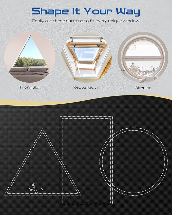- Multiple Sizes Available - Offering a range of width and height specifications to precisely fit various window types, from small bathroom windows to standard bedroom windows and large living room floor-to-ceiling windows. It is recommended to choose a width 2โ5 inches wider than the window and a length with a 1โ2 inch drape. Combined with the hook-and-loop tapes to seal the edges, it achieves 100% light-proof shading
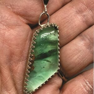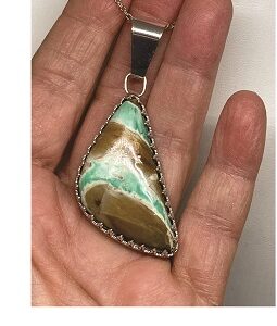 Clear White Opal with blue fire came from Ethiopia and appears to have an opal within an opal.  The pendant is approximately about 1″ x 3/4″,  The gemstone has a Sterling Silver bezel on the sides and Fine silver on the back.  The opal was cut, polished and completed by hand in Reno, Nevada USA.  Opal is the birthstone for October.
--
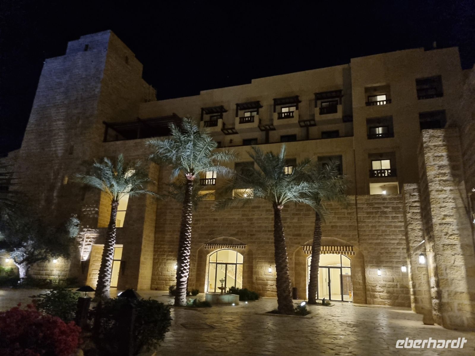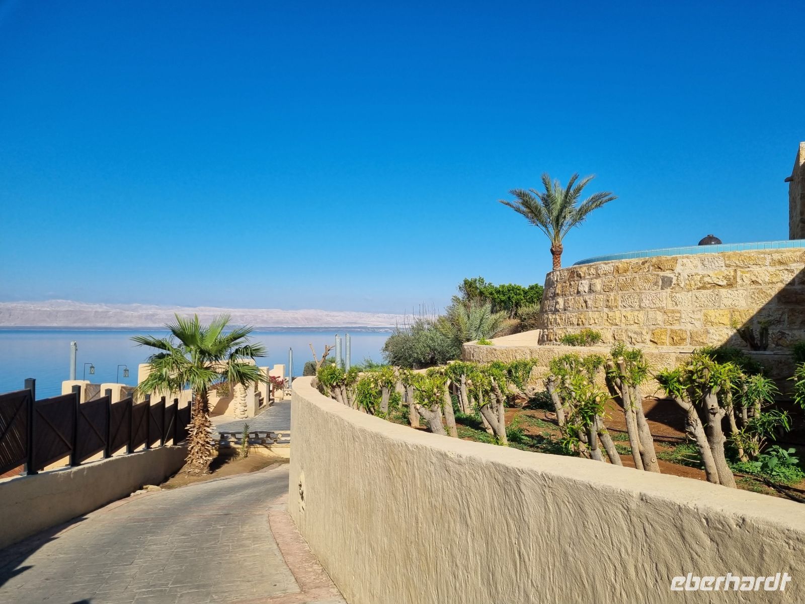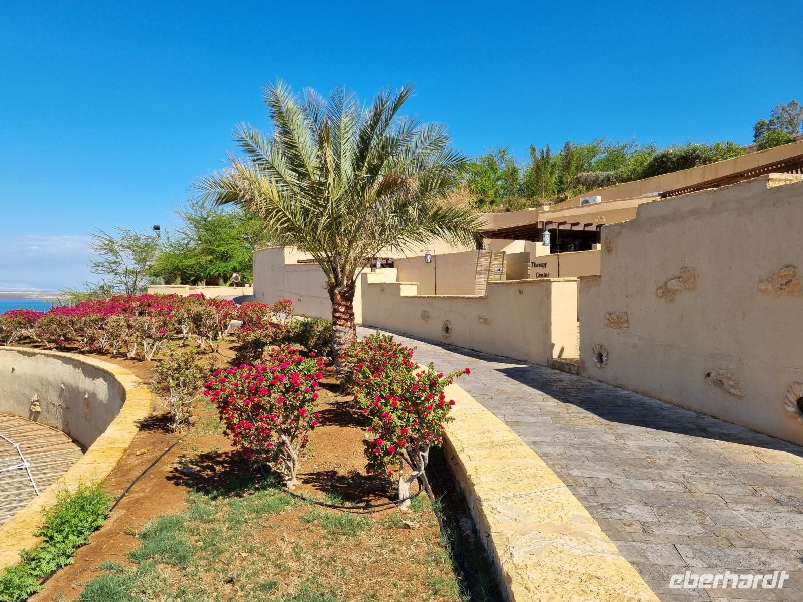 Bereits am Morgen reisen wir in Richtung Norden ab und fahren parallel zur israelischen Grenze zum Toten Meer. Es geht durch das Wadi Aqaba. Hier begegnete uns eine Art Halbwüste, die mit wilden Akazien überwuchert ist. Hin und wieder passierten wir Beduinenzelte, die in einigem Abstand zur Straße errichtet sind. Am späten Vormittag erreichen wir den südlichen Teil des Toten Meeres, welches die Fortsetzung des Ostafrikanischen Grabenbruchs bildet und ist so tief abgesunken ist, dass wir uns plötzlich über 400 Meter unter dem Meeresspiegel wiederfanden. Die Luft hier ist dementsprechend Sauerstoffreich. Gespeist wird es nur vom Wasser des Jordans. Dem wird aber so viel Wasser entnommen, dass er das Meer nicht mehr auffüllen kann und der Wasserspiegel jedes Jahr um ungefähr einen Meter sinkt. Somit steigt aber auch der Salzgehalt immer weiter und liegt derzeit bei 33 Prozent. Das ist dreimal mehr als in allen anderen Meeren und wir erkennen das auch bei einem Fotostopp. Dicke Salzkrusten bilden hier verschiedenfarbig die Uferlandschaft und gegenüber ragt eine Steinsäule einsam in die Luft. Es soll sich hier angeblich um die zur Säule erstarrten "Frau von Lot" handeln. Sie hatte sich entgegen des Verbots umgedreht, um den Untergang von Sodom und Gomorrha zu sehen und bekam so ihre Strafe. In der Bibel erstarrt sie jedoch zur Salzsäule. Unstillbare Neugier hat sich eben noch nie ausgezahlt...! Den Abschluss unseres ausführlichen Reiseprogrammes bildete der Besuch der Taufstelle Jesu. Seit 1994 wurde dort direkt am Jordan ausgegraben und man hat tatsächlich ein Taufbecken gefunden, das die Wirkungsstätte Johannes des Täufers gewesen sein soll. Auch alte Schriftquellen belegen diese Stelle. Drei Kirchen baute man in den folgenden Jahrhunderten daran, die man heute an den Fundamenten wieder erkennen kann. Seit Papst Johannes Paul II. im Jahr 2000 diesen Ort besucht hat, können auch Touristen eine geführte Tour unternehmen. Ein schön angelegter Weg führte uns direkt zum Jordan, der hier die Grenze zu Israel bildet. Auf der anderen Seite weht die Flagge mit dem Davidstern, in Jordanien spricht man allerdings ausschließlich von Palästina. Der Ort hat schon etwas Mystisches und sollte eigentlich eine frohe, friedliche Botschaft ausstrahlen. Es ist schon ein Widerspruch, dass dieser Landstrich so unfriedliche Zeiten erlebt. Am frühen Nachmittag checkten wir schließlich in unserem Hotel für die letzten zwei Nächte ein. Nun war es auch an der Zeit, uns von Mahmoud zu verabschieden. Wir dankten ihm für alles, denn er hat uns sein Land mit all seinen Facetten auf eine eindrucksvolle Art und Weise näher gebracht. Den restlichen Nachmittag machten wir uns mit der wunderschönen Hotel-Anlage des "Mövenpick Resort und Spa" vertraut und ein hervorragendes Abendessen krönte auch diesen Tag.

■ What to work on: Among the records above, locate the line containing "- Multiple Sizes" and the line containing "Clear White Opal", then transcribe exactly the lines starting at the first and ending at the second, with no pictures.

■ Answer box:
- Multiple Sizes Available - Offering a range of width and height specifications to precisely fit various window types, from small bathroom windows to standard bedroom windows and large living room floor-to-ceiling windows. It is recommended to choose a width 2โ5 inches wider than the window and a length with a 1โ2 inch drape. Combined with the hook-and-loop tapes to seal the edges, it achieves 100% light-proof shading
 Clear White Opal with blue fire came from Ethiopia and appears to have an opal within an opal.  The pendant is approximately about 1″ x 3/4″,  The gemstone has a Sterling Silver bezel on the sides and Fine silver on the back.  The opal was cut, polished and completed by hand in Reno, Nevada USA.  Opal is the birthstone for October.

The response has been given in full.